Alexander Groß, Geschäftsführer Rohstoffe und Umwelt beim Verband der Bau- und Rohstoffindustrie: „Hessen ist ein rohstoffreiches Land, allerdings können diese Rohstoffe schon jetzt nur an wenigen Stellen gewonnen werden. Das verschärfte Bannwaldgesetz zielt darauf ab, die Rohstoffgewinnung weiter auszuschließen – unter dem Vorwand des Waldschutzes. Dabei tragen die Gewinnungsbetriebe schon heute zur Nachhaltigkeit bei. Denn die Flächen werden nur vorübergehend in Anspruch genommen und werden nach Beendigung des Abbaus rekultiviert. Zwischenzeitlich wird bedrohten Tier- und Pflanzenarten ein dynamischer Lebensraum geboten, der so in der Natur nicht zu finden ist. Zudem wird nach dem Eingriff der ursprüngliche Zustand wiederhergestellt, in vielen Fällen sogar verbessert. Außerdem bietet sich die Chance, den Wald angepasst an den Klimawandel aufzuforsten. Rohstoffgewinnung und Naturschutz passen prima zusammen.“
Dr. Matthias Schlotmann, Hauptgeschäftsführer des Bundesverbands Keramische Rohstoffe und Industrieminerale: „Bereits heute bestehen hohe Hürden, damit die Rohstoffgewinnung im Bannwald genehmigt wird. Genehmigungsverfahren ziehen sich über viele Jahre und werden am Ende oftmals beklagt. Mineralische Rohstoffe sind jedoch als Vorleistungsgüter nahezu unverzichtbar. Ebenso kommen Industrien wie Keramik, Feuerfest, Glas und Papier nicht ohne keramische Rohstoffe und Industrieminerale aus. Gesetze, die Rohstoffgewinnung pauschal ausschließen, gefährden den Industriestandort Hessen. Bei der Rohstoffgewinnung müssen wir über das Wie reden, nicht über das Ob.“
Dr. Burkhard Siebert, Hauptgeschäftsführer des Bauindustrieverbands Hessen-Thüringen: „Die von heut auf morgen unbenutzbare Salzbachtalbrücke hat deutlich vor Augen geführt, welchen großen Investitionsbedarf unsere Infrastruktur vor sich herschiebt. Die alte Brücke bestand aus 15.000 t Stahl und Beton, und auch für den Neubau werden tausende Tonnen an Material benötigt. Gerade im hochverdichten Ballungsraum mit all seiner Infrastruktur werden wir auch zukünftig große Mengen an Sand und Kies benötigen, um Infrastruktur zu erhalten und auszubauen. In Frankfurt soll ein 10 km langer Fernbahntunnel entstehen, den auch die Naturschutzverbände begrüßen. Dafür brauchen wir auch Sand und Kies und andere Natursteine von vor Ort.“
Rainer von Borstel, Hauptgeschäftsführer des Verbands baugewerblicher Unternehmer Hessen: „Der Wohnungsbau wird immer teurer.
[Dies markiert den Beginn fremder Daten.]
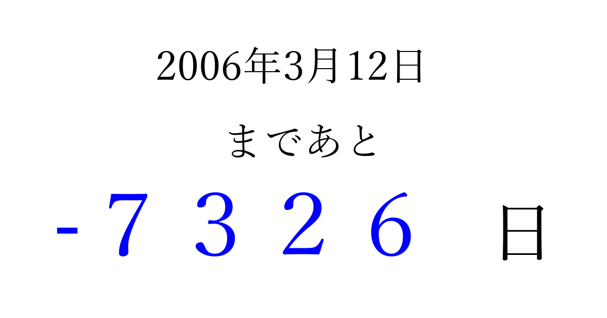 2006年3月12日(日)は もう 0000 日過ぎました 追加すると、トップページからすぐ選べるようになります ※2026/04/02現在の結果です。 最新の状態に更新する ↓シェアして、タイムライン上にカウントダウンを表示しよう!↓ 📤 この結果を共有する Tweet シェア Threads Bluesky 別の日付でカウントダウン 2006年3月のカレンダー このページをブックマークに追加すると、いつでもカウントダウンを確認できます。 (PC: Ctrl+D / Mac: ⌘+D) hitome-notes.comでは以下のページも運営しています。 指定日と期間から日付を計算 | ガチャ確率計算・シミュレーション | プライバシー・ポリシー 運営者:Avocado

Zuletzt haben Materialengpässe und Lieferkettenstörungen zu steigenden Preisen und Verzögerungen beim Wohnungsbau geführt. Bis 2040 werden rund 300.000 neue Wohnungen im Ballungsraum benötigt, gleichzeitig soll die Region aus der Gewinnung der Grundbaustoffe Sand und Kies aussteigen, das passt nicht zusammen. Wer bezahlbaren Wohnraum will, darf die Baukosten nicht weiter antreiben.“
VhU
Vereinigung der hessischen Unternehmerverbände e. V.